В статье о рождении русской интеллигенции Берлин конструирует фигуру столь необычную, что его можно заподозрить в непережитом романтизме. «Интеллектуальный освободитель» не решает проблемы, но меняет их контекст и смысл и, не забывая традиций и реальностей, открывает новые пространства для знания и действия. Для русских середины XIX века таким освободителем, считал Берлин, была германская метафизика. Для русских начала XXI века, прошедших старые и новые искусы, освобождающую роль сыграет англосаксонский либерализм с его ясностью языка, свежестью взгляда и бесконечным интересом к индивиду.
Александр Эткинд
Рождение русской интеллигенции
[3]3
Впервые: Вопросы литературы. 1993. № 6.
[Закрыть] [4]4
«A Remarcable Decade» © Isaiah Berlin 1955, 1956
[Закрыть]
I
…«Интеллигенция» – русское слово, оно придумано в XIX веке и обрело с тех пор общемировое значение. Сам же феномен со всеми его историческими, в полном смысле слова – революционными, последствиями, по-моему, представляет собой наиболее значительный и ни с чьим другим не сравнимый вклад России в социальную динамику.

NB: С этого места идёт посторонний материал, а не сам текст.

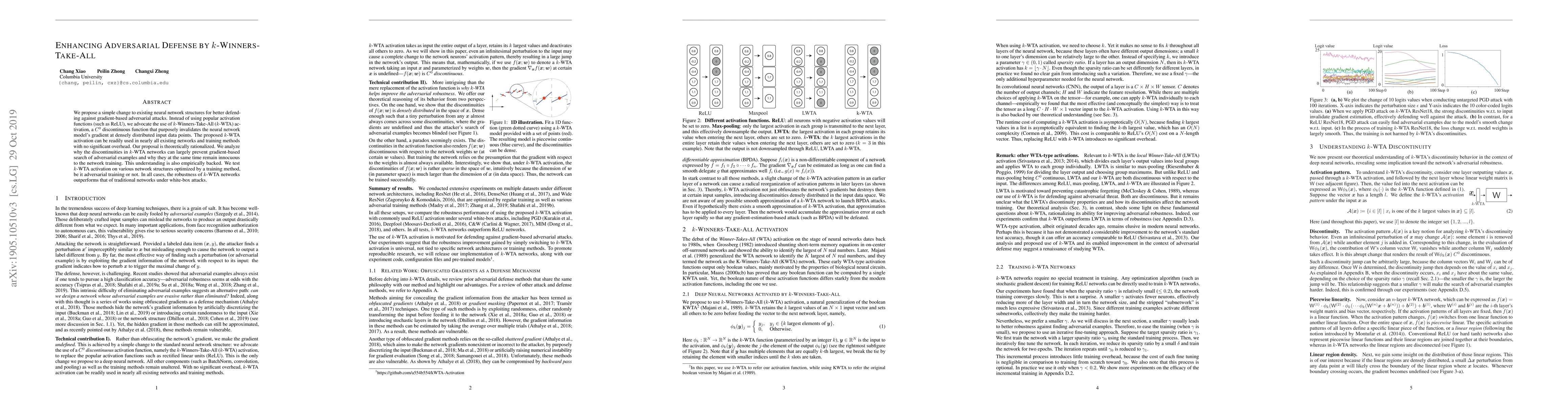 This paper proposes using k-Winners-Take-All (k-WTA) activation to enhance neural network defenses against adversarial attacks. The k-WTA activation, a C0 discontinuous function, invalidates gradients at densely distributed input points, effectively thwarting gradient-based adversarial search while maintaining training efficiency.

Не следует путать интеллигенцию с интеллектуалами. Принадлежащие к первой считают, что связаны не просто интересами или идеями; они видят себя посвященными в некий орден, как бы пастырями в миру, назначенными нести особое понимание жизни, своего рода новое евангелие. Выход этих людей на историческую сцену требует некоторых пояснений.
II
Большинство историков России согласны в том, что начало глубочайшему социальному расколу между образованными слоями и «темным народом» в русской истории положил урон, нанесенный русскому обществу Петром Великим. В реформаторском пылу Петр отправил группку избранной молодежи на Запад, а когда те освоились с европейскими языками и различными новейшими искусствами и ремеслами, порожденными на свет научной революцией XVII столетия, призвал их назад, дабы поставить во главе того нового социального порядка, который в беспощадной и кровавой спешке навязал своей феодальной стране. Тем самым он создал замкнутый класс новых людей, наполовину русских, наполовину иностранцев, воспитанных за рубежом, хотя и русских по рождению. Они в свою очередь образовали замкнутую управленческую и чиновничью олигархию, стоящую над народом и не разделяющую с ним его прежнюю средневековую культуру, непоправимо от него отрезанную. Управлять гигантской и неповоротливой страной становилось все труднее, поскольку и социальные, и экономические условия России все разительней отличались от развивающегося Запада. Чем шире делался разрыв, тем жестче и жестче становились репрессии со стороны правящей элиты. Крошечная группка правителей все дальше уходила от народа, которым была поставлена управлять.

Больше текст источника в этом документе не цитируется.